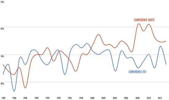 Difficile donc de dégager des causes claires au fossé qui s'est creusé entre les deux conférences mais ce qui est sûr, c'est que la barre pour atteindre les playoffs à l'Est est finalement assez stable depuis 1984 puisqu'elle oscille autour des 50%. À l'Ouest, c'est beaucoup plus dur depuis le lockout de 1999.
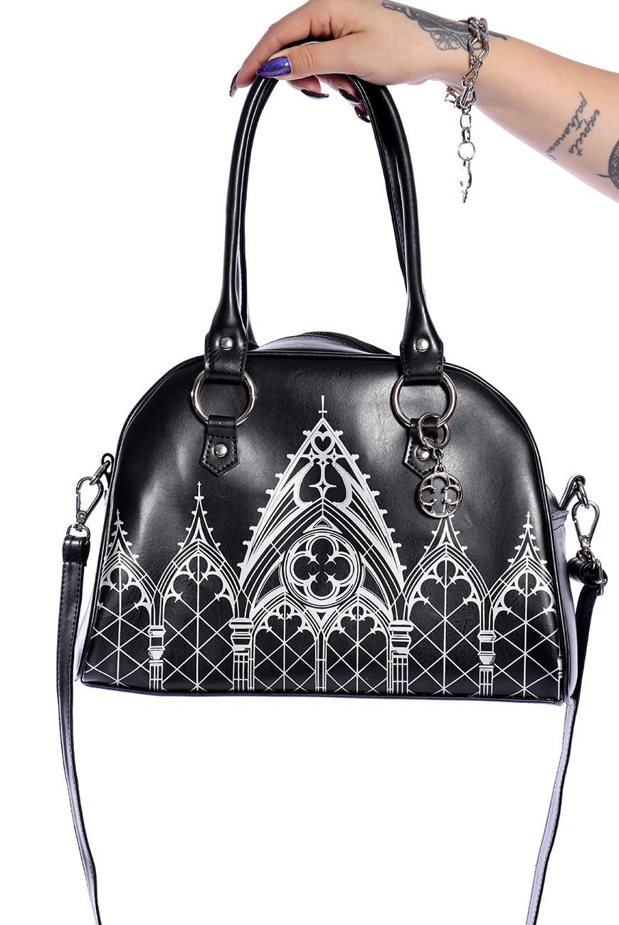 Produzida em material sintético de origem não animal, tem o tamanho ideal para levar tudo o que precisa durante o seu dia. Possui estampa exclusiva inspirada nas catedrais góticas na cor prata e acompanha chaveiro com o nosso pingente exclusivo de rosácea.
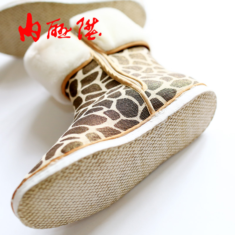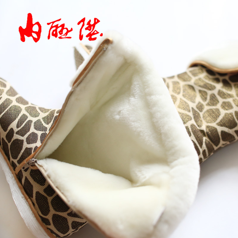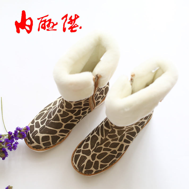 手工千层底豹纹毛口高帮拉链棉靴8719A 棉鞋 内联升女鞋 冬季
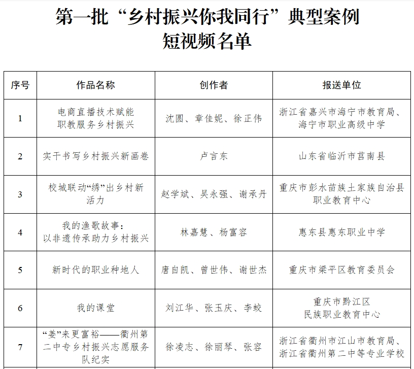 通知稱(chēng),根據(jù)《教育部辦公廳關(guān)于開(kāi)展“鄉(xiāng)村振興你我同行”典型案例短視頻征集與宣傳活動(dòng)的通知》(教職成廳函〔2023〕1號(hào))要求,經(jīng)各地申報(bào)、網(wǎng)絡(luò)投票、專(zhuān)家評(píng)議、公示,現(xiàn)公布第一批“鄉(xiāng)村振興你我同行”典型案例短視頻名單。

* * *

**Instructions to follow:** Word for word, give again the lines from the line holding "手工千层底豹纹毛口高帮拉链棉靴8719A 棉鞋 内联升女鞋 冬季" through the last line of the material, both included; pictures are not part of the copy.

**Finished task:**
 手工千层底豹纹毛口高帮拉链棉靴8719A 棉鞋 内联升女鞋 冬季
 通知稱(chēng),根據(jù)《教育部辦公廳關(guān)于開(kāi)展“鄉(xiāng)村振興你我同行”典型案例短視頻征集與宣傳活動(dòng)的通知》(教職成廳函〔2023〕1號(hào))要求,經(jīng)各地申報(bào)、網(wǎng)絡(luò)投票、專(zhuān)家評(píng)議、公示,現(xiàn)公布第一批“鄉(xiāng)村振興你我同行”典型案例短視頻名單。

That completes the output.